The buying, sending, and receiving of Christmas cards are things that we now take for granted, but they are unquestionably a fairly up-to-date inclusion in the whole Christmas tradition. So before you start to complain about the whole of them you have to buy, and the costs involved in posting them to all of your friends and family, just take a few minutes out to discover a bit more about this fun way of holding in contact.
The first Christmas card to be sent wasn't done so for the same reasons as we would send them today. In modern society we send them as a way to let people know that we're mental of them over the holiday period, or as a way of saying 'thanks' from a company to its customers, or as a way to perceive people once a year and write a huge shape of what's been happening to the house over the year.
The first Christmas card was sent in England in 1843. Sir Henry Cole wanted to show his friends the kind of things that the poor had to put up with over the Christmas period, possibly as a way of getting them to help out, or, more likely, as a way of pointing out the way that Christmas can give a slight bit of hope to those who have none, for at least one day of the year.
This first Christmas card that spawned a multi-million dollar manufactures was painted by John Calcott Horsley and featured a happy house as well as people helping out the poor and needy, and, quite controversially, especially by modern standards, included two children 'drinking'; it plainly read "A Merry Christmas and a Happy New Year to you."
Few early English Christmas cards featured the type of religious or wintery themes that we often associate with them. In fact, a lot of the wintery scenes became fairly unseasonal and it's only now that a lot of countries in the Northern Hemisphere have started to get white Christmases again.
The Christmas card tradition had been going for a full thirty years before a German immigrant sold his first selection of Christmas cards made in America. Within six years Louis Prang had taken this idea and turned it into a company that was producing over five million Christmas cards per year. Unfortunately, in an ironically modern twist, cheap imitations of his Christmas cards eventually forced him out of the market.

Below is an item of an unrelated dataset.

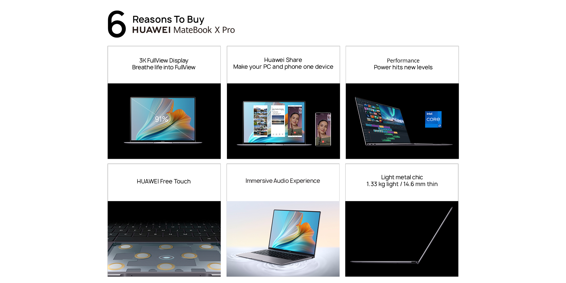 IEEE 802.11 a/b/g/n/ac/ax 2.4 GHz and 5 GHz 2 x 2 MIMO Support WPA/WPA2/WPA3 Bluetooth 5.1 USB-C * 2, Charging/Display(Dual 4K@60Hz,Max.3840 x 2160 resolution)/Data(Max.40 Gbps) 3.5 mm Headset and Microphone Jack x 1 Full-size Backlit Chiclet Keyboard Touchpad with Multi-touch and HUAWEI Free Touch Huawei Share Built-in Fingerprint Power Button 1 MP Recessed Camera (720P HD) Speaker x 4 Microphone x 2 Huawei Share* HUAWEI MateBook Manager HUAWEI Factory Reset Eye Protection Mode *Huawei Share supports Multi-screen Collaboration between a Huawei smartphone and a HUAWEI MateBook. HUAWEI Matebook X Pro HUAWEI 65 W USB-C Power Adapter USB-C Charger Cable Quick Start Guide Warranty Card |
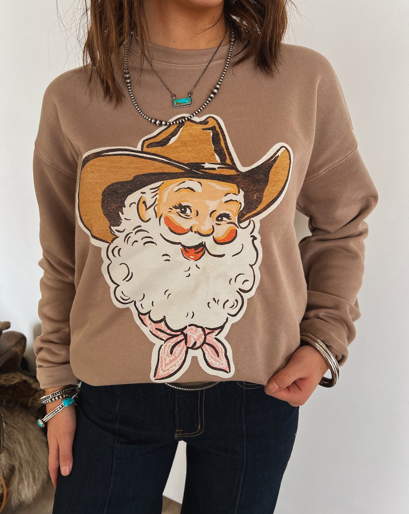Cowboy Santa Vintage Head Sweatshirt or Tee (mocha)

The first 'official' Christmas card i.e. Those sent by members of office, was sent in the 1840's by Queen Victoria, who started off a great many of the Christmas traditions that are still going today.
Christmas cards have gone through a whole of changes in the years since then. You can now get them in all sorts of sizes and shapes. They have a vast array of pictures; after all, people in the Southern Hemisphere are far less likely to recognize with a white Christmas when they're out on the beaches on Christmas Day.
The messages in the cards have changed as a growing whole of people determine to wish people 'Happy Holidays' as opposed to the more primary 'Merry Christmas', and you can all the time get them blank and add your own messages.
The cards can be serious, humorous, or have music playing when you open them, and some even have very slight in the way that would tell you what time of the year it was.
The types of paper used, and the costs of them, have changed a lot over the years too. Now you can send cards that have no paper in them at all, the birth of the internet also brought the rise of the eCard. The eCard is great if you haven't sent a primary Christmas card in time, and they can be far more interactive, but they tend to be very difficult to hang on the wall.
So what of the future? The whole of primary Christmas cards being sent seems to have been on the decrease, but for fans of the traditional, it will probably be a very long time before they've been replaced completely.
Now, before it gets too late, make sure you've checked your list and sent off all of your Christmas Cards.